**WHAT THE TASK ASKS**
Only one span of the material below is wanted. Output it exactly, from the line with "Der Abstrahlwinkel bezeichnet" through the line with "Whatsapp option .", without any pictures.

**RECORDS SUPPLIED**
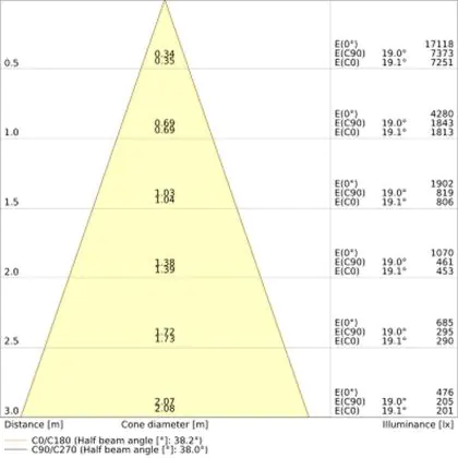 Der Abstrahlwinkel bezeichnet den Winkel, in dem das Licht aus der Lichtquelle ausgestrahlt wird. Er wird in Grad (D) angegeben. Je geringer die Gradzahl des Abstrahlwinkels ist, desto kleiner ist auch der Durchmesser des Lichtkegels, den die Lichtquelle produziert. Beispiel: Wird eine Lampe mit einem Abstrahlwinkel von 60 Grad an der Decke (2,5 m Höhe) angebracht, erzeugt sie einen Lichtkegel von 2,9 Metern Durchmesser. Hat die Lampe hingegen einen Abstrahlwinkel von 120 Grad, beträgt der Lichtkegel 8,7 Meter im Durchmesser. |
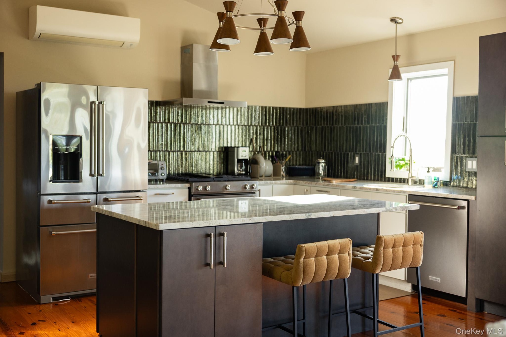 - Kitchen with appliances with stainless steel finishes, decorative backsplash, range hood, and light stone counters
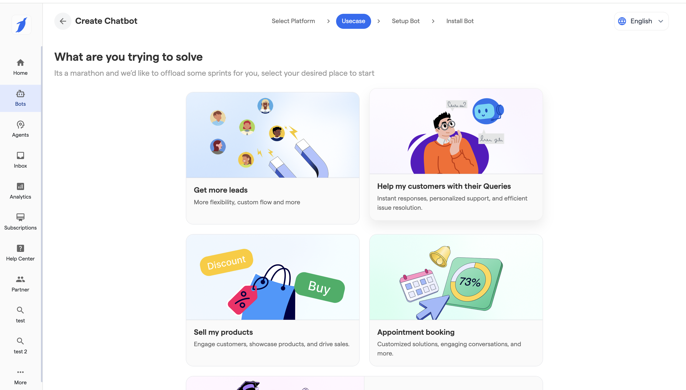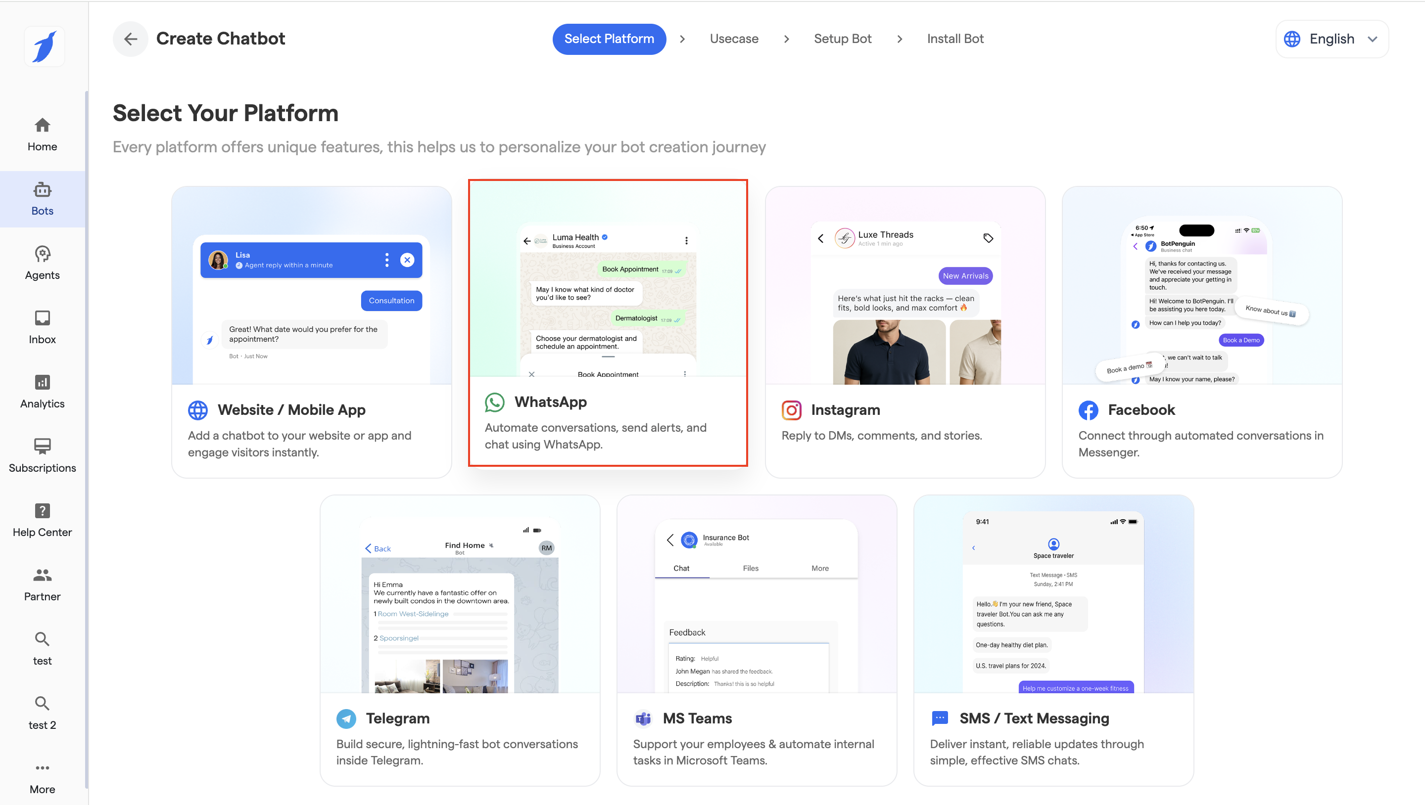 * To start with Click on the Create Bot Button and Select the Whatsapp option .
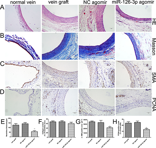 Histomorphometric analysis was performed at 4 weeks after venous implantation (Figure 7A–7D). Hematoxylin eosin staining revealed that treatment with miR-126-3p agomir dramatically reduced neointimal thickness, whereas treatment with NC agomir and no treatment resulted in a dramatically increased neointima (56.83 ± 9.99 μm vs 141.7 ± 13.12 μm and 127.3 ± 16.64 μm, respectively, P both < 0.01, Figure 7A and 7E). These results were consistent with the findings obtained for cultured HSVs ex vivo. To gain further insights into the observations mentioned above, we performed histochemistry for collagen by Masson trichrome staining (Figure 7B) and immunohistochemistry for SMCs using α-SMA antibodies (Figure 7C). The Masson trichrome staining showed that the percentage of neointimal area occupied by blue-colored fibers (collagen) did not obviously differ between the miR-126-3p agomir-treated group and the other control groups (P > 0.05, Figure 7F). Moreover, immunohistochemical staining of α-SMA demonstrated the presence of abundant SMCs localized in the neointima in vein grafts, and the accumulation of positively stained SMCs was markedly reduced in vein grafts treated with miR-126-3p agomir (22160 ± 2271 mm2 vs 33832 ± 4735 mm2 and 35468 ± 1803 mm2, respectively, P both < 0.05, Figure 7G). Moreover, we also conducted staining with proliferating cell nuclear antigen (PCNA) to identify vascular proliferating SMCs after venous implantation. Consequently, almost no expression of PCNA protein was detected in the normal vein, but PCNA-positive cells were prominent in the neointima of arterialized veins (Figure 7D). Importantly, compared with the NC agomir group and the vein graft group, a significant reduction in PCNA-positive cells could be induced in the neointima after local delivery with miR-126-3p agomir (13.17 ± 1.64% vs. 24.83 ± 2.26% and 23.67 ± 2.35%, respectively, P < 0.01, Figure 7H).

* * *

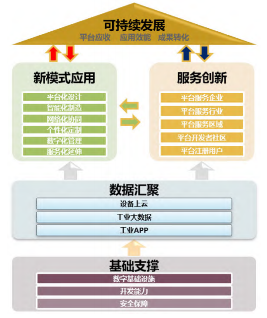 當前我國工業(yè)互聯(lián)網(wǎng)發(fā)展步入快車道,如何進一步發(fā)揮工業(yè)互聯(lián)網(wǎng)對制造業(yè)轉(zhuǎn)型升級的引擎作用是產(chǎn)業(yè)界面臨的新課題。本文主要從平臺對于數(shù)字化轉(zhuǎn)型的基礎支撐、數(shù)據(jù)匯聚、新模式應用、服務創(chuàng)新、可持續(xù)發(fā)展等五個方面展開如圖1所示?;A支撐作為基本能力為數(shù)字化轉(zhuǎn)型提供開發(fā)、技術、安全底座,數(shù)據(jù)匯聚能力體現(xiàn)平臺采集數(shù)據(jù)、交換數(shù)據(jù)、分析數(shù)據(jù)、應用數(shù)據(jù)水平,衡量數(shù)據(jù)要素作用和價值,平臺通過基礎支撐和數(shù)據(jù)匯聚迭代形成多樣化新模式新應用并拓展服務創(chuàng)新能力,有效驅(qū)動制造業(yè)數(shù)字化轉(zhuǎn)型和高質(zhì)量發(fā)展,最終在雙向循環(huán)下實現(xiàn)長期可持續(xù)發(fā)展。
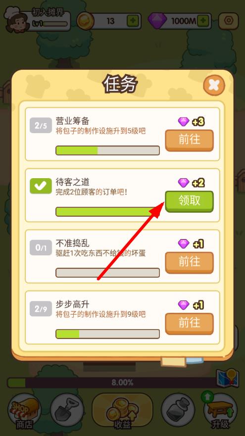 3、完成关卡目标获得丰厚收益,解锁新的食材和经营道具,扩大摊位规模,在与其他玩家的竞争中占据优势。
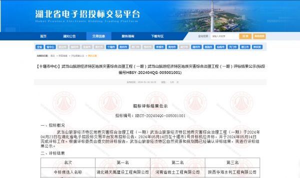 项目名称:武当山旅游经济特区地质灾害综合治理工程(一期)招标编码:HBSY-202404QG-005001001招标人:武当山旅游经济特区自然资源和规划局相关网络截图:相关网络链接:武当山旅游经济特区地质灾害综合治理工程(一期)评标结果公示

**ANSWER TO THIS PROBLEM**
 Der Abstrahlwinkel bezeichnet den Winkel, in dem das Licht aus der Lichtquelle ausgestrahlt wird. Er wird in Grad (D) angegeben. Je geringer die Gradzahl des Abstrahlwinkels ist, desto kleiner ist auch der Durchmesser des Lichtkegels, den die Lichtquelle produziert. Beispiel: Wird eine Lampe mit einem Abstrahlwinkel von 60 Grad an der Decke (2,5 m Höhe) angebracht, erzeugt sie einen Lichtkegel von 2,9 Metern Durchmesser. Hat die Lampe hingegen einen Abstrahlwinkel von 120 Grad, beträgt der Lichtkegel 8,7 Meter im Durchmesser. |
 - Kitchen with appliances with stainless steel finishes, decorative backsplash, range hood, and light stone counters
 * To start with Click on the Create Bot Button and Select the Whatsapp option .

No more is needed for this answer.